After the Ferrari resurgence in France, the circus moves to Silverstone, a wind-swept ex-airfield in the heartland of England. Home for most of the teams - including championship-leading McLaren - this should not be a simple walkover.
Silverstone is a technical track, which emphasises the importance of getting the car set up well. The opening sequence of corners in particular are very quick, emphasising good downforce and aerodynamic balance, whilst the straights require aero efficiency or a powerful engine to compensate. The tight complex at the end requires good mechanical balance and rewards traction.
Overtaking is hard (unless it rains) and this will be emphasised fairly strongly as most of the teams tested there a couple of weeks ago, so they will be expected to have a good handle on dialling in their cars, making it more likely they will qualify and run in performance order.
That said, gusting winds may upset the relatively delicate balance of these cars, which may open opportunities, and particularly could lead to surprises in qualifying.
Fernando Alonso (Renault) leads Kimi Raikkonen (McLaren) and Michael Schumacher (Ferrari) at Silverstone © LAT
In 2006, gusting wind and hot temperatures made qualifying somewhat unpredictable. Trulli's engine blew in Q1, whilst Button was called to the weighbridge, preventing the local hero from making any improvement to a poor first lap and eliminating him. In the end, Alonso's Renault led Raikkonen's McLaren to pole with the Ferraris of Schumacher and Massa a quarter second behind. Fisichella and Barrichello followed, leading Ralf Schumacher and Montoya. Heidfeld and Villeneuve rounded out the top ten.

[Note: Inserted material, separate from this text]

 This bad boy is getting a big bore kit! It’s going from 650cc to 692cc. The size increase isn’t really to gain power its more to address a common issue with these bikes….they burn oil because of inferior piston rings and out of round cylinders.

As the race got under way, Heidfeld made a strong start to leap from ninth to sixth, though Villeneuve's attempt to follow suit failed when he Montoya took his line in to the corner and they collided, putting a hole in the McLaren: Rosberg took his chance to pass the Sauber.
Ralf Schumacher made a poor start from seventh, getting caught in collection of cars at Copse to emerge in thirteenth. Speed attacked in to Becketts, nudging the Toyota which collected Webber, taking all three out of the race and bringing out the safety car.

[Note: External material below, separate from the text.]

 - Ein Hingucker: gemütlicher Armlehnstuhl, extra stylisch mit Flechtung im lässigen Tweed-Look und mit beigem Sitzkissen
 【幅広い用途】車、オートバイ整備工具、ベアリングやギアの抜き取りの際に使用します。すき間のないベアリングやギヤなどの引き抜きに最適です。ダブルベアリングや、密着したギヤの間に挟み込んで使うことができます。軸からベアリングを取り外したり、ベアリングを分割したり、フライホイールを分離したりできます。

Alonso bunched the pack repeatedly at the restart, leading Raikkonen impatient; the McLaren driver made a couple of spirited attempts to pass, resulting in ragged lines and poor exit from Club, offering Schumacher an opportunity to attack in to Abbey: the cars touched sidepods, but the Ferrari went through on the outside of the chicane. These three slowly pulled away at the front thereafter, leaving Montoya all over the tail of Heidfeld.
Button was making up places, but an oil leak sent him spinning out on lap eight, then Alonso put the hammer down and edged away from his rivals at the front, despite a heavier fuel load: after the first round of stops, he had 10.7 seconds over Raikkonen, and he controlled the lead comfortably from there for the remainder of the race. Fisichella moved ahead of Massa based on the same strategy.
The second set of stops saw Schumacher put in a couple of stunning laps around the stop itself, resulting in his passing Raikkonen through the second round for second place.
Pos Driver Team Time
1. Alonso Renault (M) 1h25:251.927
2. M.Schumacher Ferrari (B) + 13.951
3. Raikkonen McLaren-Mercedes (M) + 18.672
4. Fisichella Renault (M) + 19.976
5. Massa Ferrari (B) + 31.559
6. Montoya McLaren-Mercedes (M) + 1:04.769
7. Heidfeld BMW-Sauber (M) + 1:11.595
8. Villeneuve BMW-Sauber (M) + 1:18.299
Fastest race lap: Alonso, 1:21.599
Qualifying best: Alonso, Q3, 1:20.253
With showers predicted on Friday, the running could be interrupted, and certainly there is expected to be more wind, which would make it interesting getting the cars set up properly. Temperatures are expected to hit 71 degrees (21 Celsius), though the track will be quite a lot warmer when it is not cloudy.
Last year, this was a straightforward two-stop race, and it is likely to be seen that way again. Three stops is possible for someone who is prepared to pass aggressively, but that is not easy, so the track usually rewards long runners better when it comes to making up places. Considering most of the teams tested there after the North American trip, there are not expected to be any surprises with tyre wear.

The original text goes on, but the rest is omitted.